All five of these candidates are members of the American First Secretary of State Coalition. Among the Coalition’s agenda are commitments to eliminate mail-in ballots and early voting, aggressively purge voter rolls, and implement strict voter ID laws. That’s not all—experts warn that the candidates, if elected, could use “the power of red tape” to meddle with elections in the future.
It’s not just a possibility that these candidates will try to subvert free and fair elections; it’s already a reality. Mastriano, for example, engaged in multiple attempts to overturn the results of the 2020 election, including organizing a pseudo-hearing where the Trump campaign presented baseless claims of fraud, facilitating a plan to appoint fake Pennsylvania electors for Trump, and pushing an unofficial review of election equipment. Mastriano continues to propagate the Big Lie and was present at the capitol during the January 6 attacks.
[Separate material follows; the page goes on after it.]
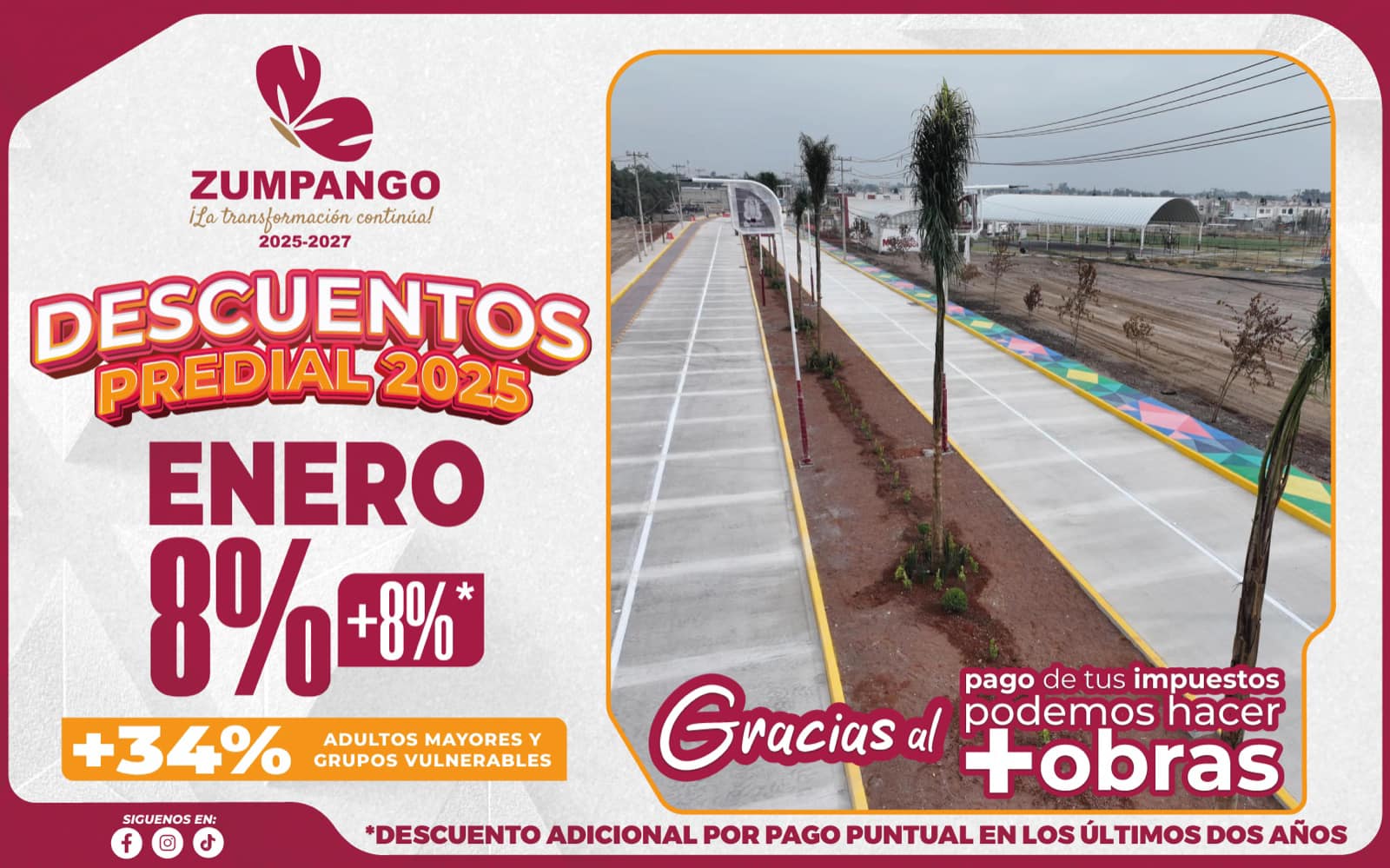 Los mejores descuentos de inicio de año para Zumpango; ofrecen descuentos en pagos de predial / @AyuntamientoZum >>>
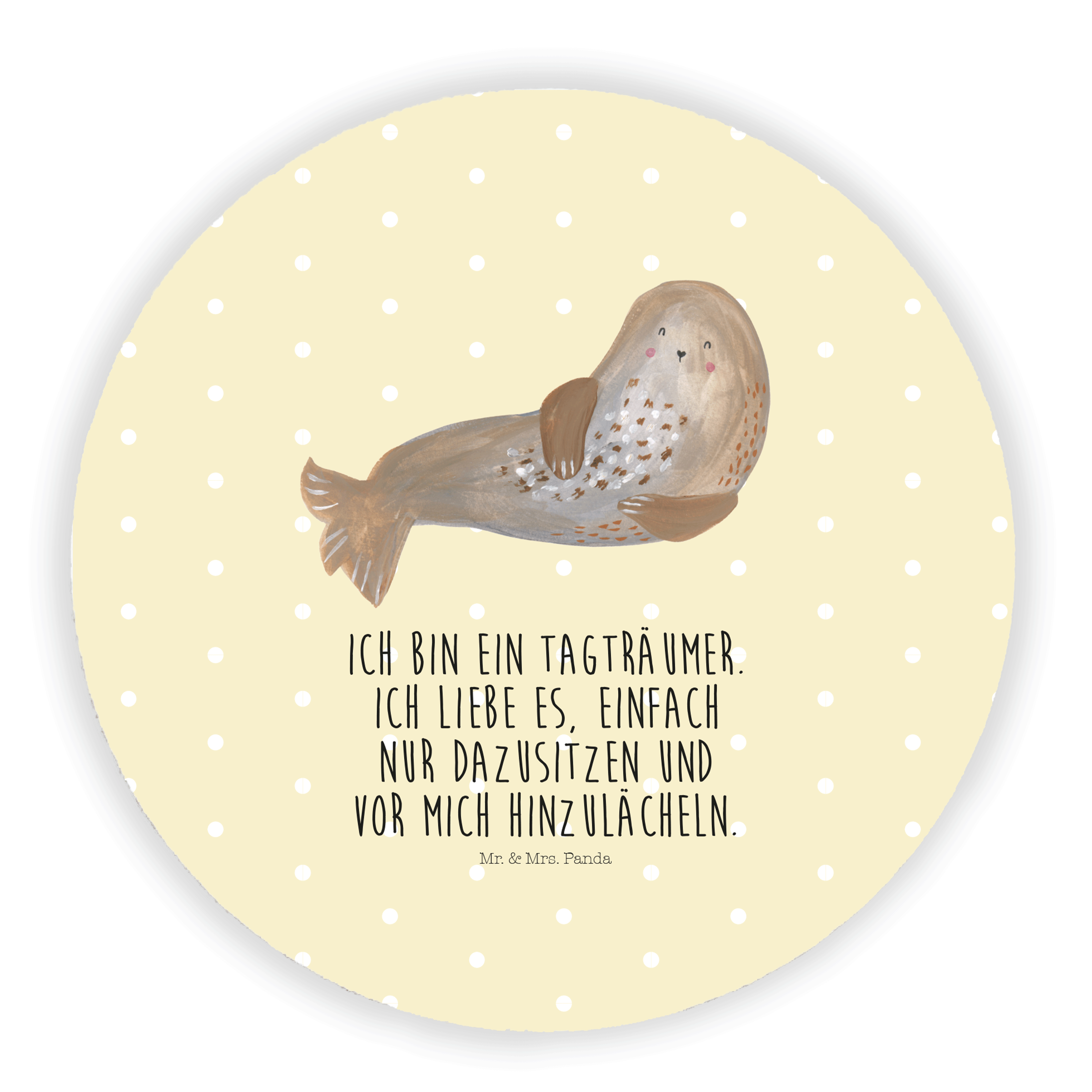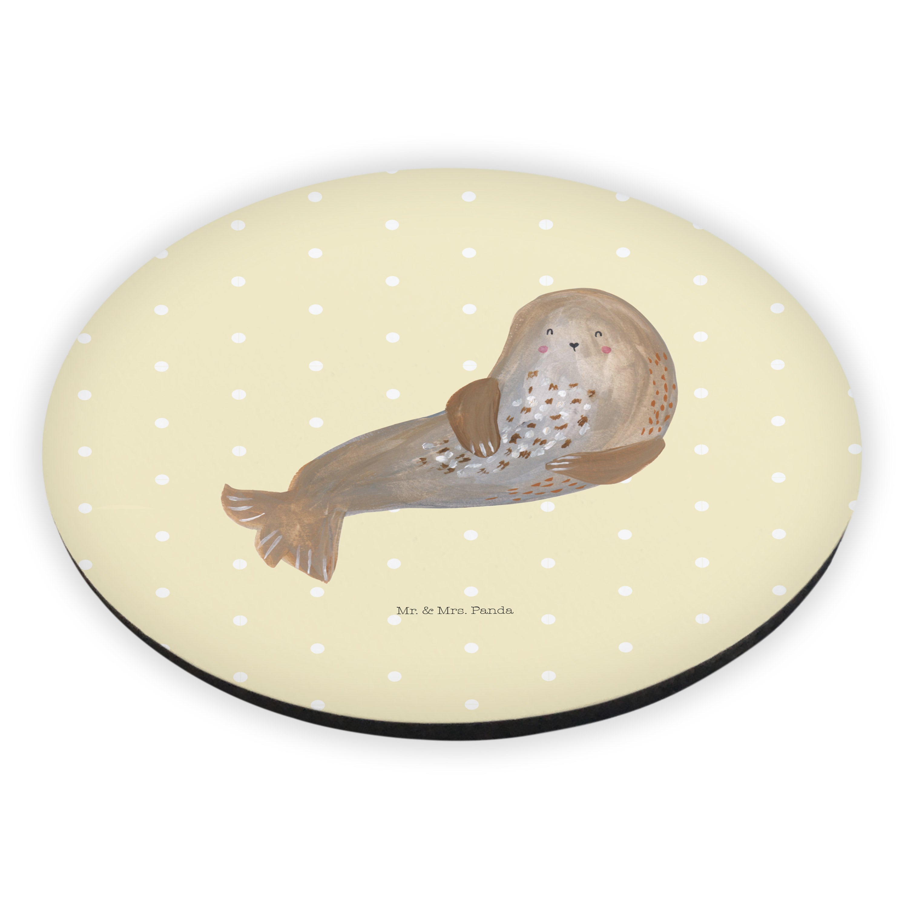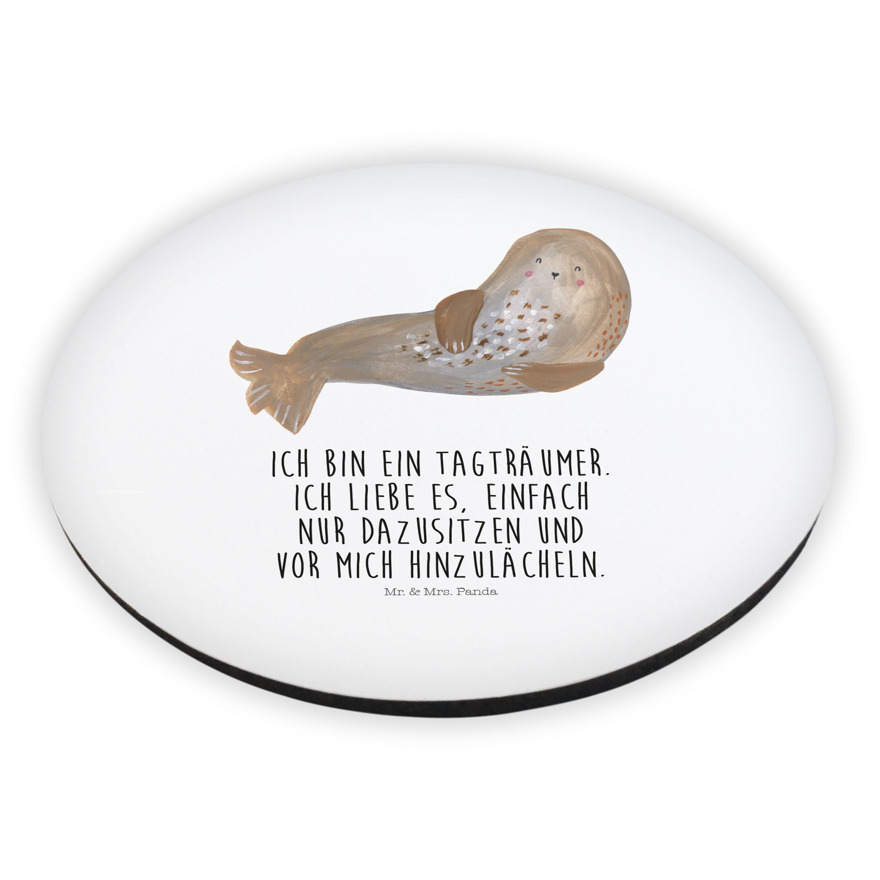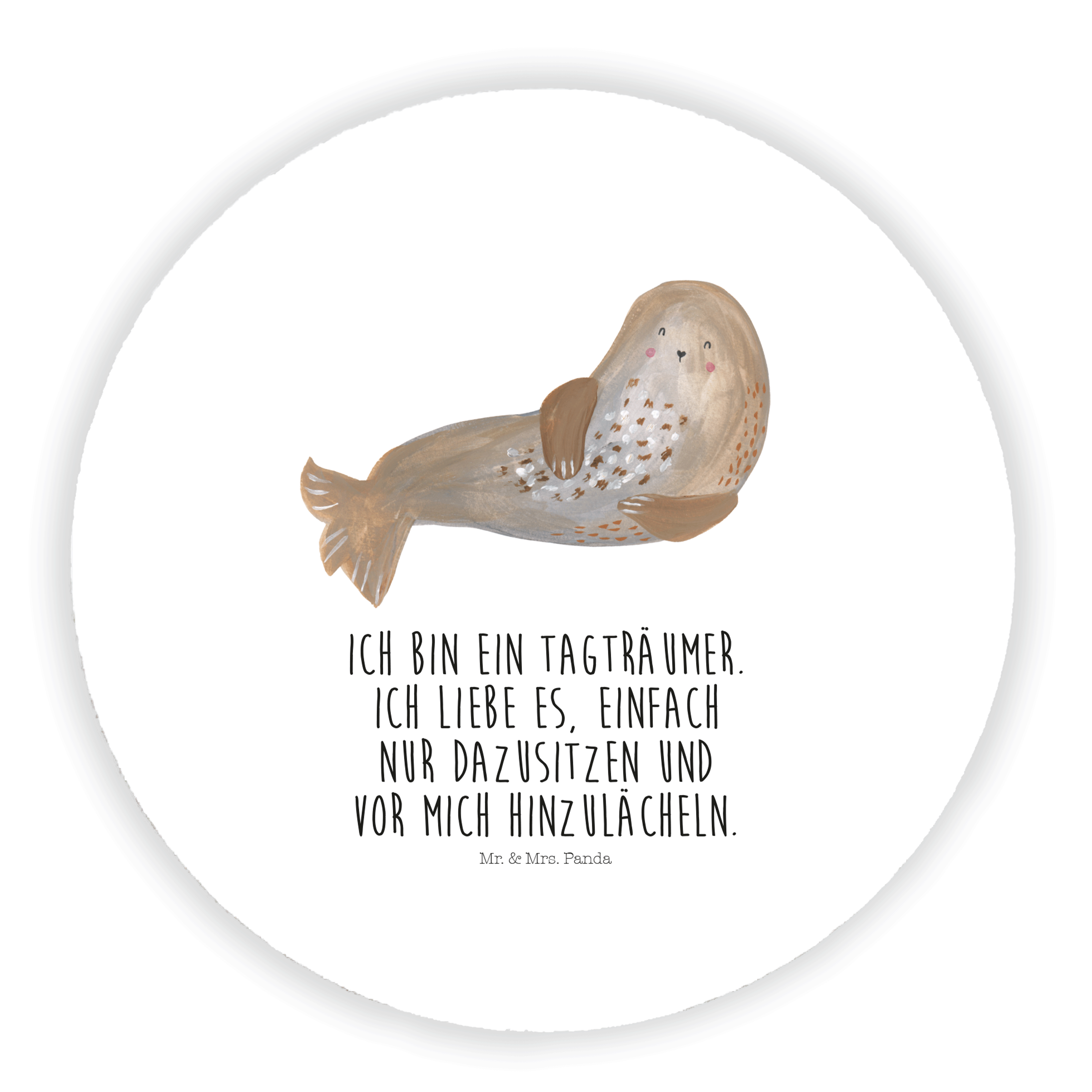 Rund Magnet Robbe lachend - mit Spruch - Weiß

Arizona’s Finchem also “introduced several resolutions seeking to decertify the results of the 2020 election in three major Arizona counties, as well as a bill that would give the Legislature the power to reject election results.”
Republican state legislators in North Carolina are already pushing the independent state legislature theory, which would give state legislatures unfettered power over elections, and the conservative U.S. Supreme Court agreed to take up a case involving the fringe theory this term. The Brennan Center for Justice warns that “adopting the independent state legislature theory would also mean that voters across the country have no judicial remedy — in state court or in federal court — to fight partisan gerrymandering. The potential consequences could stretch still further…State lawmakers would be able to adopt vote suppression legislation without any checks or balances from state courts or even gubernatorial veto.”
It is highly likely, if not inevitable, that these election denier candidates will interfere with any election outcome they don’t like in 2024 and beyond. Courts proved to be a generally effective backstop against the efforts to overturn the 2020 election, but the threats from election deniers will be different this time around. Whereas the Trump campaign and others peddled kooky theories and claims about election fraud in 2020 that courts couldn’t entertain with a straight face, elected election deniers will be able to use what Levitsky and Ziblatt call “the veneer of legality”—that is, they will be able to use the legal authority vested in their public offices— to subvert democratic elections.
With an emboldened and politicized judiciary in the background, it would be foolish to view the 2022 midterms as simply another normal election. We can either look back on it as an example of intense organizing and civic engagement that saved American democracy from the brink, or as a key juncture of authoritarianism’s ascent.